United States District Court, N.D. Illinois, Eastern Division

May 21, 2014

DIANA LYNN GRANDEL, Plaintiff,
v.
CAROLYN W. COLVIN, Acting Commissioner of Social Security, Defendant.

ORDER

SHEILA FINNEGAN, Magistrate Judge.

Plaintiff Diana Lynn Grandel seeks to overturn the final decision of the Commissioner of Social Security ("Commissioner") denying her application for Disability Insurance Benefits ("DIB") under Title II of the Social Security Act. 42 U.S.C. §§ 416, 423(d). The parties consented to the jurisdiction of the United States Magistrate Judge pursuant to 28 U.S.C. § 636(c), and Plaintiff filed a motion for summary judgment. After careful review of the record, the Court now grants Plaintiff's motion and remands the case for further proceedings.

BACKGROUND

Plaintiff's last day of full-time work was March 8, 2009. (R. 77; 496; 518). She had been working since 2004 as a telemarketer selling insurance, but was let go. ( Id. ). She previously worked as a clerk in car dealerships and a sales clerk selling nutritional supplements, but was either fired from or quit those jobs due to mental breakdowns, anxiety attacks, paranoia or seizures at work. (R. 68; 77; 496; 518). Plaintiff reported living alone; after several suicide attempts, a court found her mentally unfit to care for her daughter (who was being raised by Plaintiff's brother and sister-in-law). (R. 41; 51).

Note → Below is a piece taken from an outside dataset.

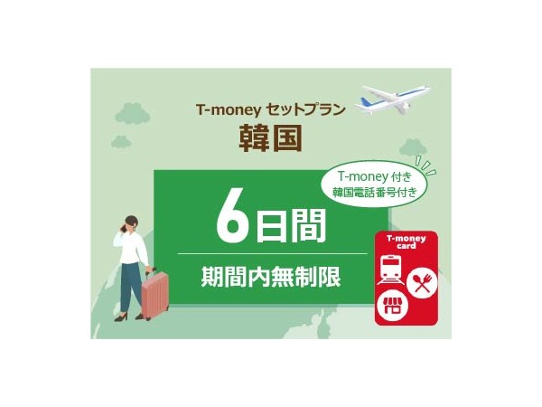韓国 【T-moneyカード】【韓国電話番号】付き- 無制限 / 6日間

Plaintiff filed her initial application for DIB on October 1, 2009, alleging disability beginning March 8, 2009. (R. 19; 101). After the Social Security Administration denied Plaintiff's claim initially and upon reconsideration, Administrative Law Judge ("ALJ") Janice M. Bruning held a June 13, 2011 hearing, attended by Plaintiff and her attorney. (R. 73; 108-118; 137-140; 144-146). In the ALJ's subsequent August 3, 2011 decision, she determined that Plaintiff's last date insured for DIB purposes was June 30, 2011, and that Plaintiff was not disabled on or before that date. (R. 108-118). On April 19, 2012, the Appeals Counsel remanded Plaintiff's case back to the ALJ for reconsideration, in part because it found her date last insured is December 31, 2014 (not June 30, 2011). (R. 128-133). The Appeals Counsel also required the ALJ to reconsider the severity of Plaintiff's combined impairments, stating it was "not convinced" that the limitations the ALJ found were "an accurate reflection of [Plaintiff's] level of functioning." (R. 130-31). The ALJ then held a second hearing on October 3, 2012, at which Plaintiff (who was represented by counsel), a medical expert, and a vocational expert testified. (R. 37-72).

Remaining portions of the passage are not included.